(PROBLEM): The task calls for an exact retyping of the lines from the one holding "Wind龙虎榜数据显示,11" through the end of the listing, with pictures omitted and nothing added.

(GIVEN INFORMATION):
--- START ---

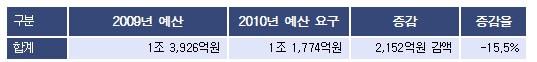 노동부가 조승수 진보신당 의원에게 제출한 자료에 따르면 2010년 노동부 예산은 1조 1,224억원으로 2009년 1조 3,926억원에 비해 총 2,152억원 삭감된다.
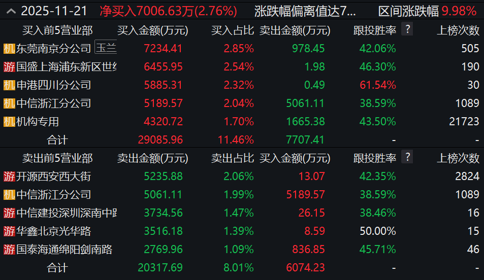 Wind龙虎榜数据显示,11月19日至20日,上榜营业部席位合计净卖出2047.77万元。具体来看,中信证券浙江分公司、国泰海通证券上海徐汇区宛平南路证券营业部分别买入4339.72万元、3287.64万元;国泰海通证券上海静安区新闸路证券营业部、国信证券北京分公司分别卖出9655.72万元、2357.02万元。
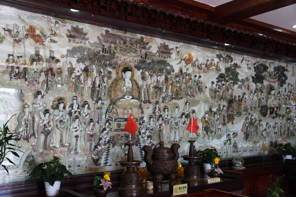 世界上最大的以玉石雕刻成的巨幅华严经故事壁画,幅高约3米,长几十米,全部由玉石真材实料立体雕刻制作完成,弥足珍贵,现存于焦山定慧寺的华严阁中,堪称国宝佳作
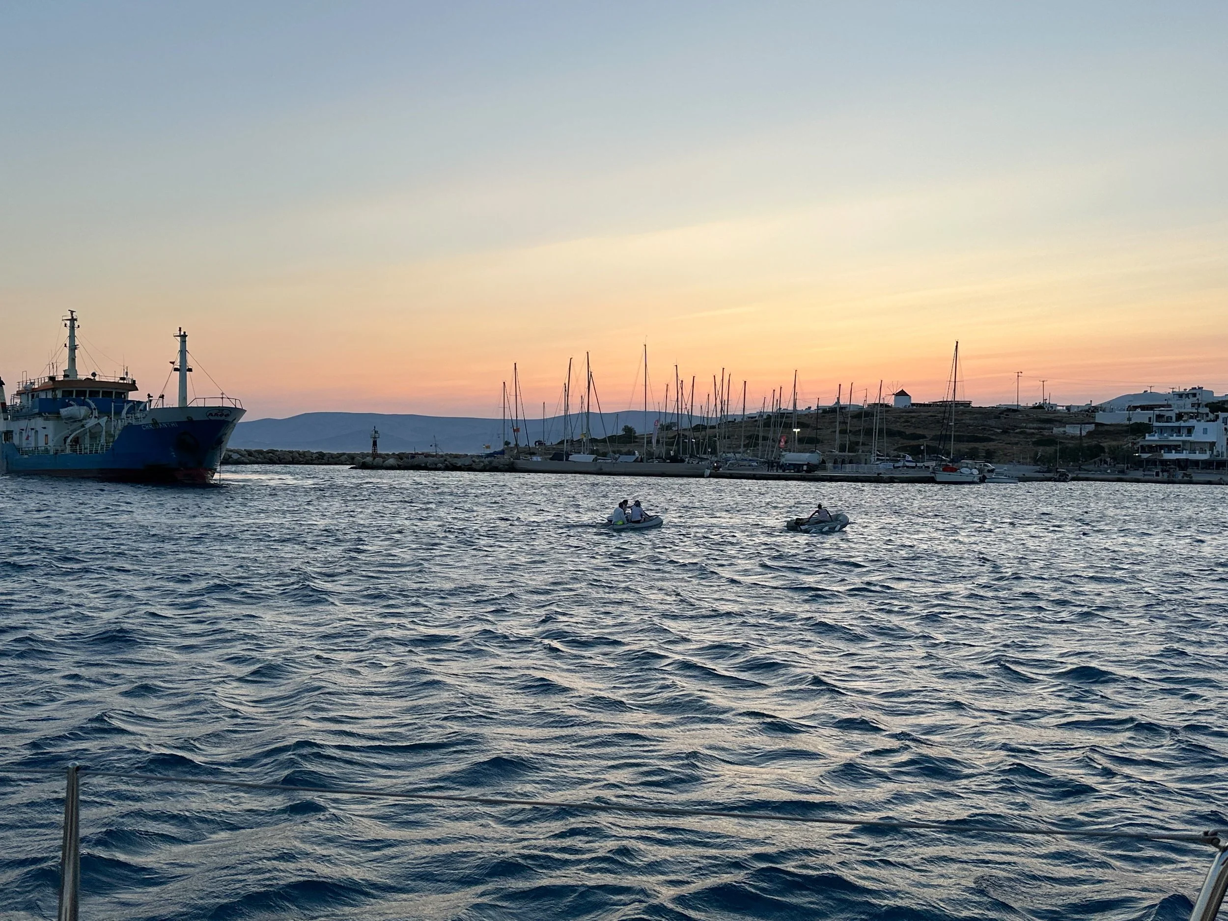 When we arrived into the anchorage of Koufonisi the anchorage was congested with small and large boats. As sunset descended we thought the anchorage would settle down, but we were certainly wrong, as we suddenly had a very large ferry maneuvering to park on the outer wall. If it felt close for us then we certainly would not have wanted to be the smaller boats that were even closer. Throw in a dingy engine failure and their rescue by another dinghy as they drifted helplessly towards an incoming tanker. This anchorage was certainly not relaxing.

--- END ---

(EXPECTED OUTPUT):
 Wind龙虎榜数据显示,11月19日至20日,上榜营业部席位合计净卖出2047.77万元。具体来看,中信证券浙江分公司、国泰海通证券上海徐汇区宛平南路证券营业部分别买入4339.72万元、3287.64万元;国泰海通证券上海静安区新闸路证券营业部、国信证券北京分公司分别卖出9655.72万元、2357.02万元。
 世界上最大的以玉石雕刻成的巨幅华严经故事壁画,幅高约3米,长几十米,全部由玉石真材实料立体雕刻制作完成,弥足珍贵,现存于焦山定慧寺的华严阁中,堪称国宝佳作
 When we arrived into the anchorage of Koufonisi the anchorage was congested with small and large boats. As sunset descended we thought the anchorage would settle down, but we were certainly wrong, as we suddenly had a very large ferry maneuvering to park on the outer wall. If it felt close for us then we certainly would not have wanted to be the smaller boats that were even closer. Throw in a dingy engine failure and their rescue by another dinghy as they drifted helplessly towards an incoming tanker. This anchorage was certainly not relaxing.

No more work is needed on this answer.